I have a requirement to read an excel file from the system and to modify that file (eg remove duplicates ) and drop it in to another location.
I am using IFormFile
.
Can anyone help me to remove duplicates from the file and update the same file and create a new file with the duplicated values.

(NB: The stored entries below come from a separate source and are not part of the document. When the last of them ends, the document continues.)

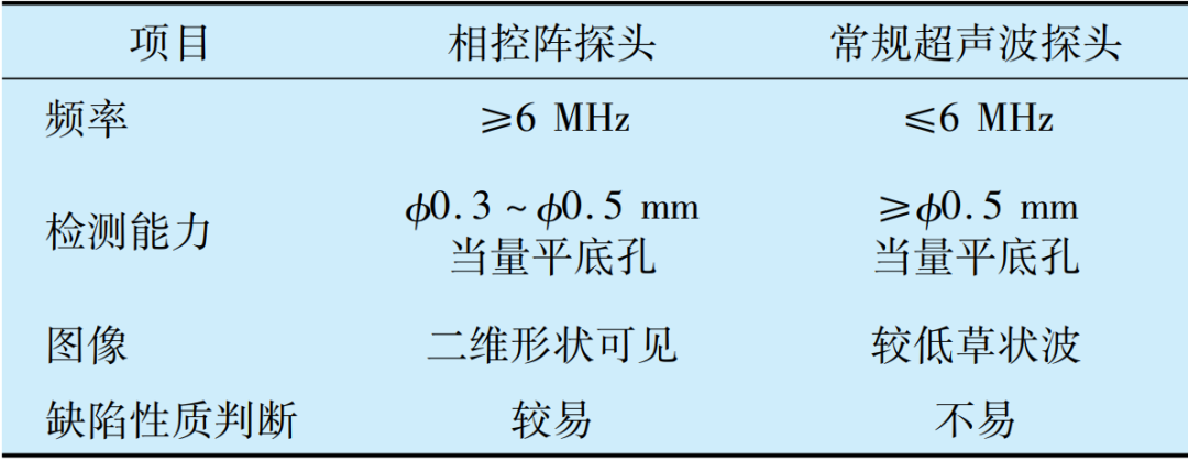 Tab.2 Comparison of effects of phased array probe and con-ventional ultrasonic probe for detecting overburning defects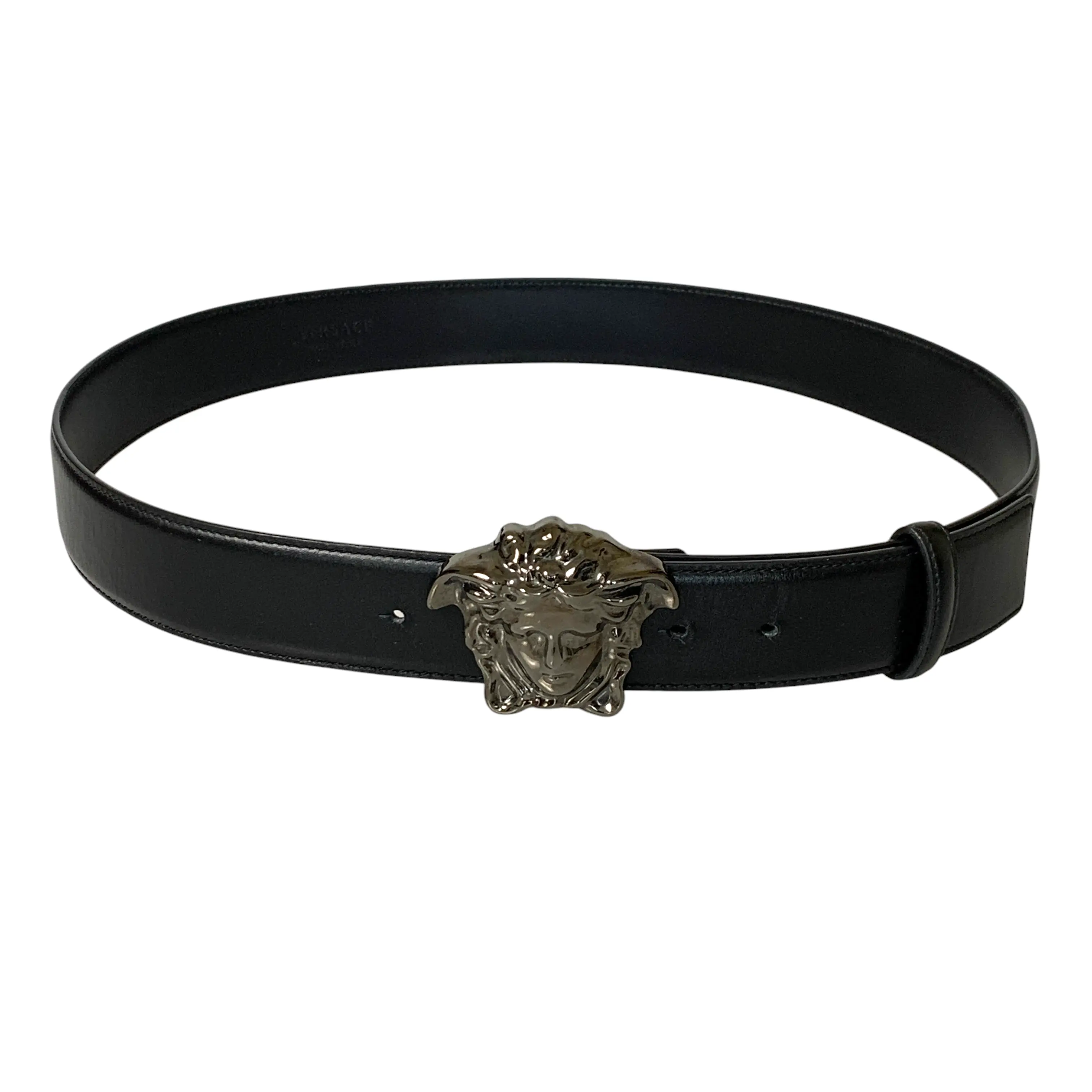 Pre-owned Versace medusa black Leather Belt unisex authentic w COA size 90 cm 36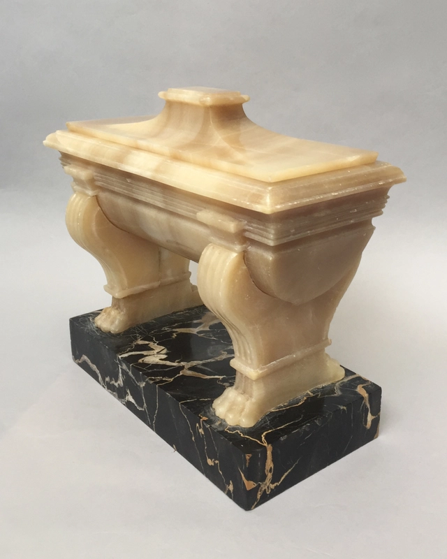 Ons elegant schaalmodel is gemaakt naar een tombe die werd gevonden in de Thermen van Agrippa op de Campo Marzio in Rome. Piranesi heft deze sarcofaag afgebeeld in zijn publicatie over de Campo Marzio van 1756. Daar staat de tombe boven een dedicatie aan de Britse architect Robert Adam. In het landhuis Kedleston Hall in Derbyshire vinden we bankjes in dezelfde vorm als deze sarcofaag; ze zijn gemaakt in 1788 en geïnspireerd op de tombe die Robert Adam in Rome had bezocht. Sinds 1740 bevat de sarcofaag uit de baden van Agrippa de as van Paus Clemens XII, als onderdeel van zijn grafmonument in de Basiliek van Lateranen.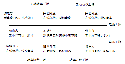 根据VQC的调控要求,应将受控母线电压控制在规定的电压上下限之间,确保电压合格,同时尽量使无功控制在规定的无功上下限之间,如果电压、无功不能同时达到要求,则优先保证电压合格。九区图各区域的控制策略示意如下。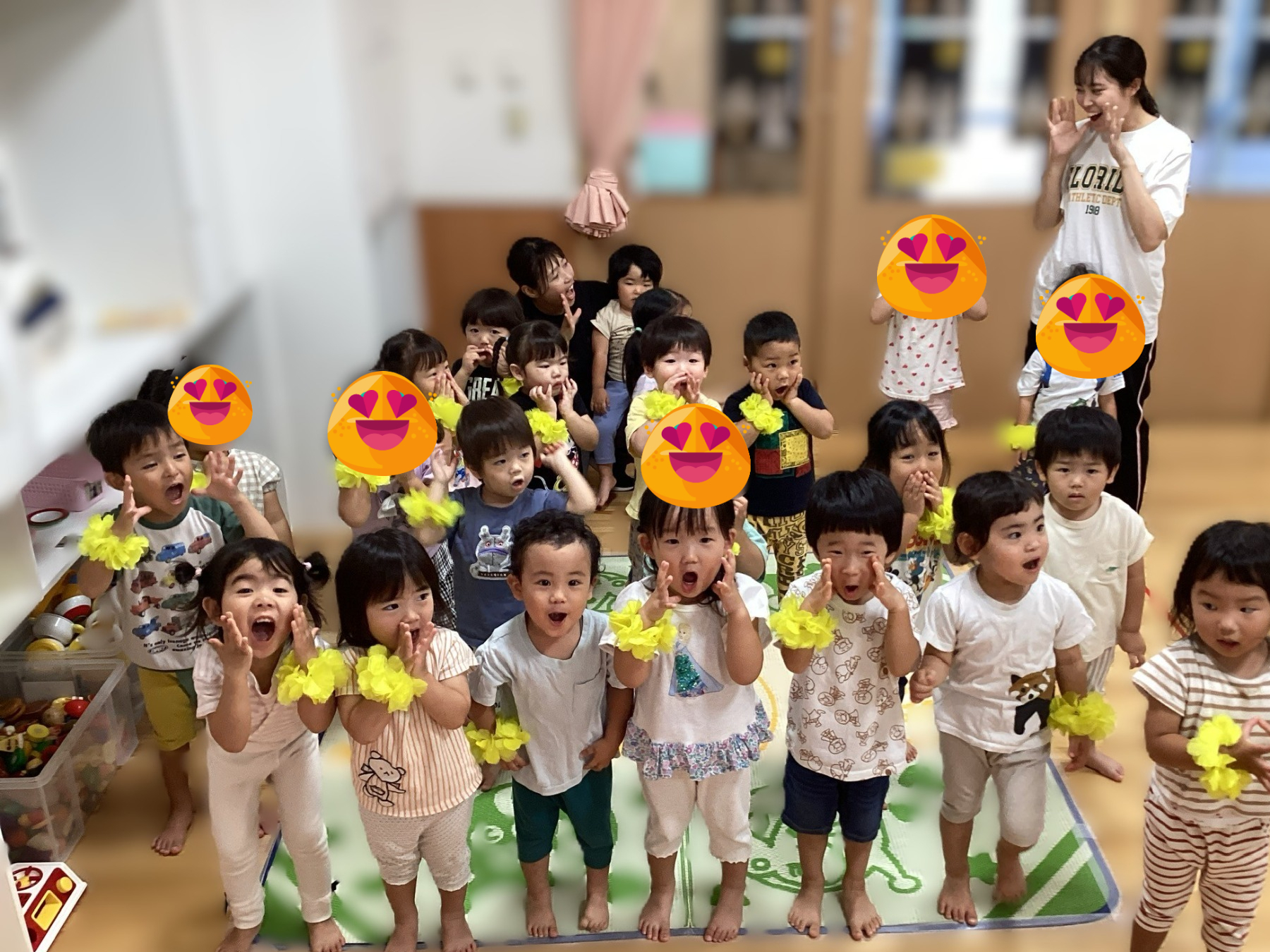 沢山遊んで「お片付けよー」と伝えると遊び足りないのか毎日大ブーイングが起こるほど

Here is what I have to read the file
var result = new StringBuilder();
using (var reader = new StreamReader(iFormFile.OpenReadStream()))
{
//read till EOF
while (reader.Peek() >= 0)
{
result.AppendLine(await reader.ReadLineAsync());
}
}
public async Task<Stream> ValidateDataFileAsync(Stream stream, CancellationToken token)
{
List<string> result = new List<string>();
using (var reader = new StreamReader(stream))
{
while (reader.Peek() >= 0)
result.Add(await reader.ReadLineAsync());
}
HashSet<string> hSet = new HashSet<string>(result);
return hSet;
//How do i convert the hashset to stream.
}
Firstly install the Nuget:
Install-Package WindowsAzure.Storage -Version 9.3.3
and
Install-Package EPPlus -Version 4.5.2.1
Make an interface IBlobManager.cs
which will house all your Blob operations:
using System;
using System.IO;
using System.Threading.Tasks;
namespace UploadAzureBlob.Services
{
public interface IBlobManager
{
Task<string> UploadFileToBlobAsync(string fileName, Stream stream);
}
}
Implement the above interface in a class BlobManager.cs
:
using Microsoft.WindowsAzure.Storage;
using Microsoft.WindowsAzure.Storage.Blob;
using System;
using System.Collections.Generic;
using System.IO;
using System.Text;
using System.Threading.Tasks;
namespace UploadAzureBlob.Services
{
public class BlobManager : IBlobManager
{
private CloudBlobClient cloudBlobClient;
public BlobManager()
{
// Retrieve the connection string for blob storage
string storageConnectionString = "";
CloudStorageAccount.TryParse(storageConnectionString, out CloudStorageAccount storageAccount);
// Create the CloudBlobClient that represents the Blob storage endpoint for the storage account.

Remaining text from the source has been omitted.